Hak konsumen antara lain adalah hak atas informasi yang benar, jelas dan jujur
mengenai kondisi dan jaminan barang dan atau jasa. (Redaksi Sinar Grafika, 1999,
hal.2).

Prita yang mendapat berbagai infus dan berbagai suntikan tanpa penjelasan
dan izin dari Prita (pasien) atau keluarga Prita (keluarga pasien). Hal demikian jelas
merupakan sebuah pelanggaran terhadap ketentuan pasal 45 ayat (1), (2), (3), (4), (5)
dan (6) Undang-Undang No.29 Tahun 2004 tentang Praktek Kedokteran yang
menyatakan :

(1) Setiap tindakan kedokteran atau kedokteran gigi yang akan dilakukan oleh dokter
atau dokter gigi terhadap pasienharus mendapat persetujuan.

(2) Persetujuan sebagaimana dimaksud pada ayat (1) diberikan setelah pasien
mendapat penjelasan secara lengkap.
(3) Penjelasan sebagaimana dimaksud ayat (2) sekurang-kurangnya mencakup : a.
Diagnosis dan tata cara tindakan medis, b. Tujuan tindakan medis yang dilakukan, c.
Alternatif tindakan lain dan resikonya, d. Resiko dan kompilasi yang mungkin terjadi.

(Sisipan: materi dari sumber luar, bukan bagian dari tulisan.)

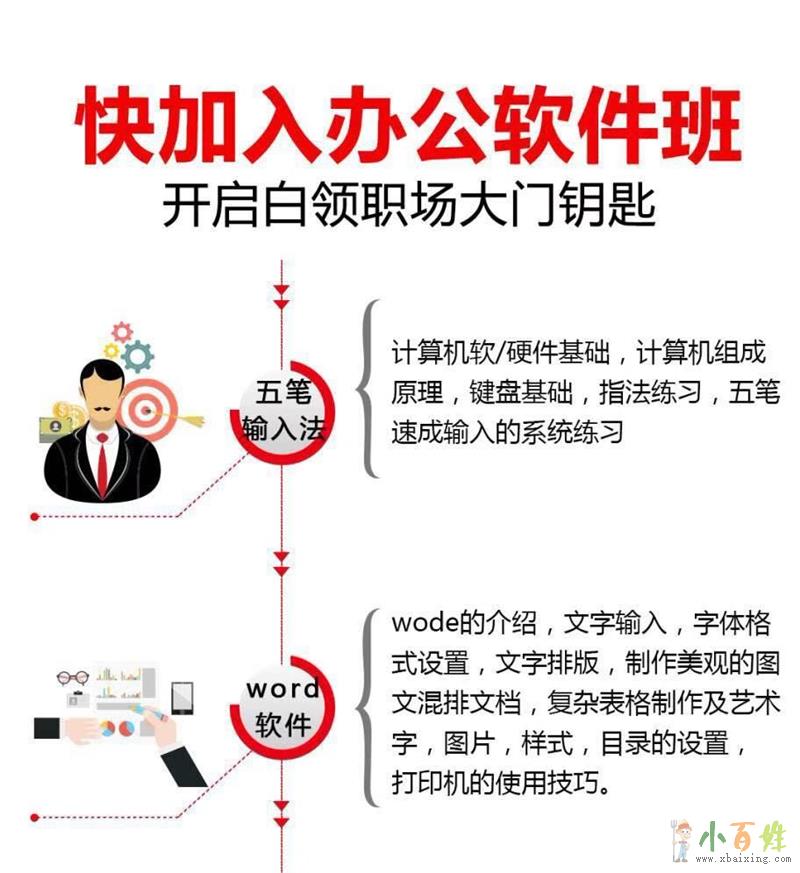 【电脑办公全能班】学习课程:电脑基础、五笔打字、OFFICE办公软件(Windows、Word、Excel、PPT)、适宜对象:无电脑基础者以及希望夯实计算机操作基础者课程简介:该班包含了现代化办公所...
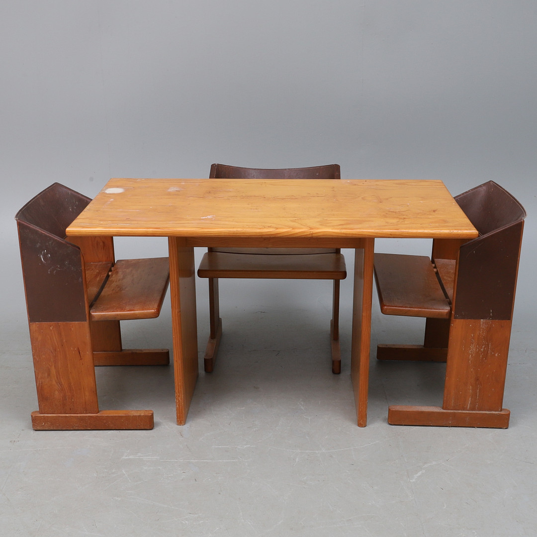 3109209. A RETRO PINE KITCHEN TABLE AND THREE MATCHING CHAIRS.
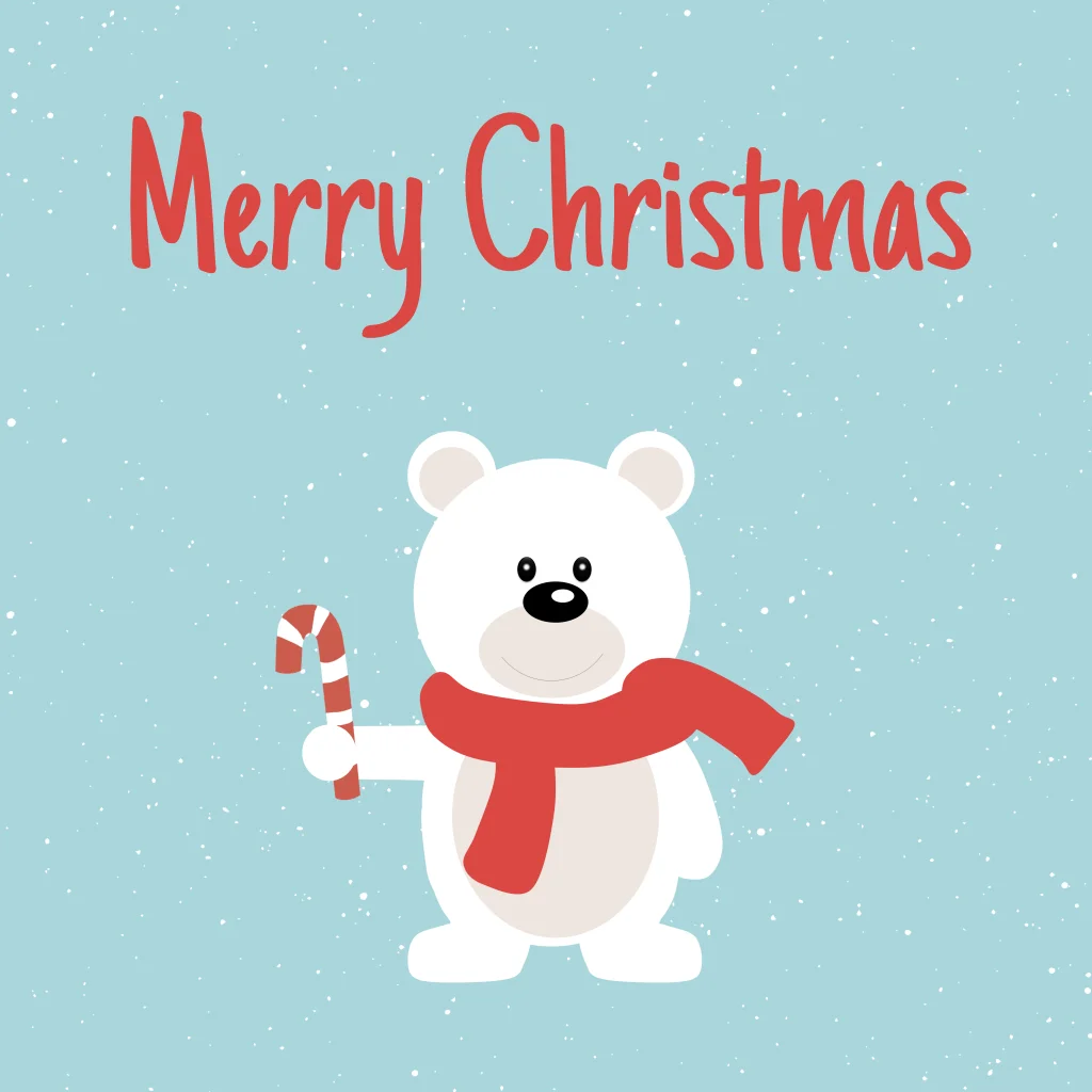 Ontwerp zelf dit lieve kerstkaartje met een vrolijke ijsbeer en pas de teksten en kleuren aan met de kaarten editor.
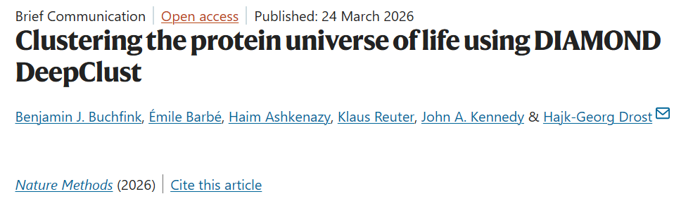 相关研究以「Clustering the protein universe of life using DIAMOND DeepClust」为题,于 2026 年 3 月 24 日发布在《Nature Methods》。

(4) Persetujuan sebagaimana dimaksud ayat (2) dapat diberikan baik secara tertulis
maupun lisan.

(5) Setiap tindakan kedokteran atau kedokteran gigi yang mengandung resiko tinggi
harus diberikan dengan persetujuan tertulis yang ditandatangani oleh yang berhak
memberikan persetujuan.

(6) Ketentuan mengenai tata cara persetujuan tindakan kedokteran atau kedokteran
gigi sebagaimana dimaksud pada ayat (1), (2), (3), (4) dan (5) diatur dengan
Peraturan Menteri. (IKAPI, 2004, hal.22-23).

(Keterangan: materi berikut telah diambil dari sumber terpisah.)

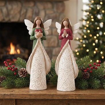 Embrace the serene beauty of the season with our exquisite 8" angels. Adorned with delicate swirl details and cozy trim, these peaceful figures bring a touch of heavenly grace to any space in your home!
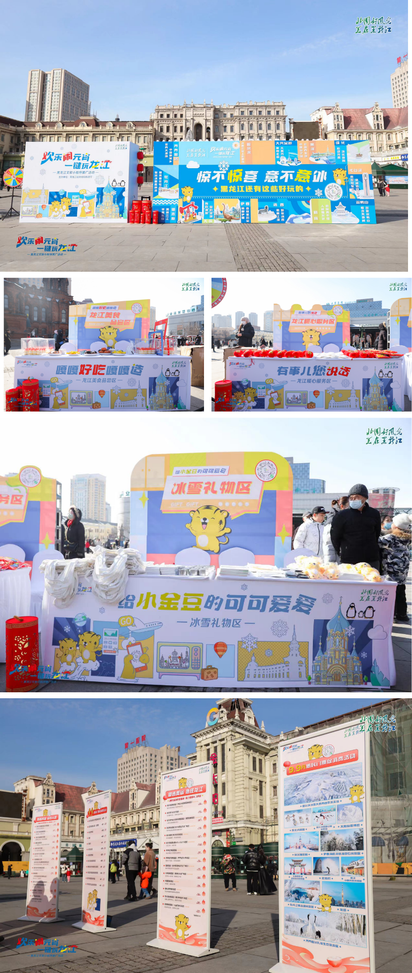 “嘎嘎好吃嘎嘎造”龙江美食品尝区,秋林红肠、格瓦斯饮料、切片冻梨等龙江美味,为游客带来舌尖上的盛宴。还有“给小金豆的可可爱爱”冰雪礼物区、“有事儿您说话”龙江暖心服务区和“外冷内热,燃起来”游客互动区为游客提供独具特色的龙江体验,传递龙江文旅最暖最好玩的心意。
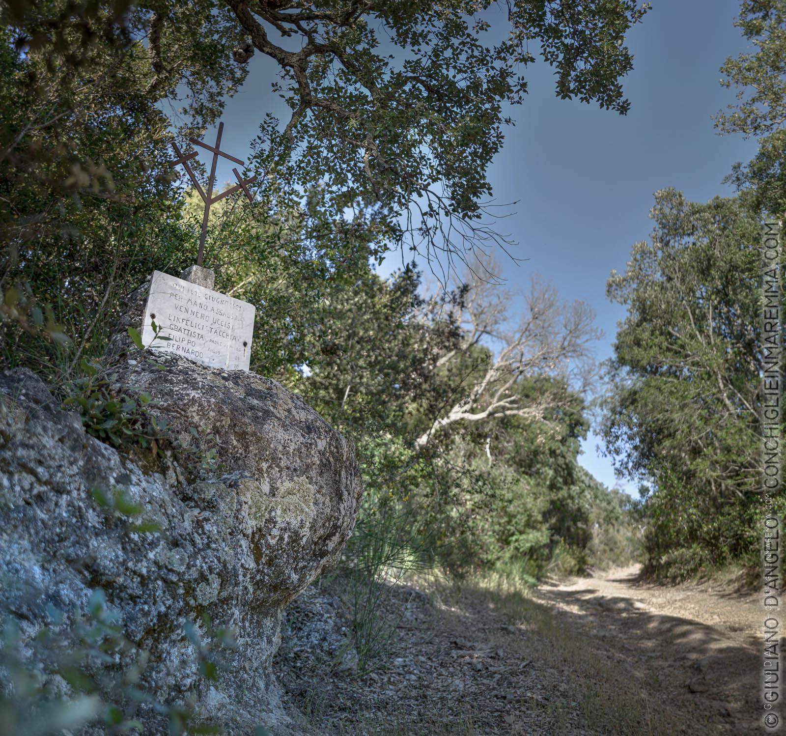 Al bivio con una apertura tagliafuoco del bosco ho girato a destra. Percorso un breve tratto esposto al panorama: Roselle, Grosseto e i Monti dell’Uccellina all’altra estremità della piana maremmana. Sotto una sughera malformata di tumori, sopra uno scoglio di roccia ecco il cippo con la croce a tre punte.
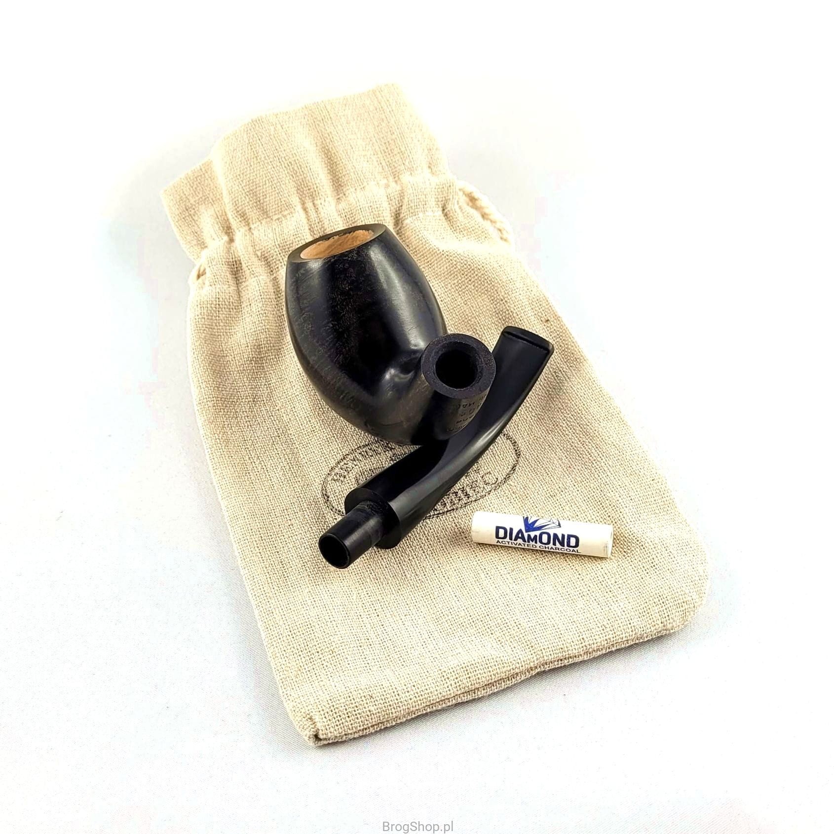 Fajka Worobiec model nr 80 to bardzo klasyczna i estetycznie wykonana fajka do palenia tytoniu, wykonana ręcznie z przyzwoicie usłojonego wrzośca. Fajka posiada przyjemne dla oka i wygodne dla dłoni linie główki, szyjki i ustnika. Bejcowanie w kolorze czarnym, nieprzesłaniające usłojenia, ciekawie kontrastuje z naturalnym paleniskiem. Zbieżny ustnik z logo producenta, wykonany z styliamidu, posiada miejsce na wymienne filtry o średnicy 9 mm. W zestawie materiałowy pokrowiec oraz pudełko wytwórcy.

Dakwaan jaksa penuntut umum tersebut, merupakan sebuah fakta adanya


penambahan pasal dari pasal yang dilaporkan dan pasal yang merupakan hasil
penyidikan di tingkat kepolisian. Penambahan pasal ini oleh sebagian orang dianggap
sebagai penyimpangan.
BAB III
PENUTUP

Kesimpulan yang dapat ditarik dari uraian di atas antara lain adalah,
kebebasan berpendapat dalam UUD 1945 pasal 28 secara kontekstual memang
menjamin kebebasan berpendapat, akan tetapi kedudukannya tidak cukup kuat untuk
melindungi hak-hak ibu Prita ketika mengungkapkan komplain dan keluhan terhadap
pelayanan medis RS Omni Internasional di Tangerang. Di sisi lain, pasal tertentu
dalam UUD 1945 juga menjamin hak-hak individu di dalamnyastaf dokter di
rumah sakit bersangkutan. Hal ini karena pasal-pasal dalam UUD 1945 diinterpretasi
pada tiap individu yang berbeda menjadi saling bertentangan dan tidak relevan.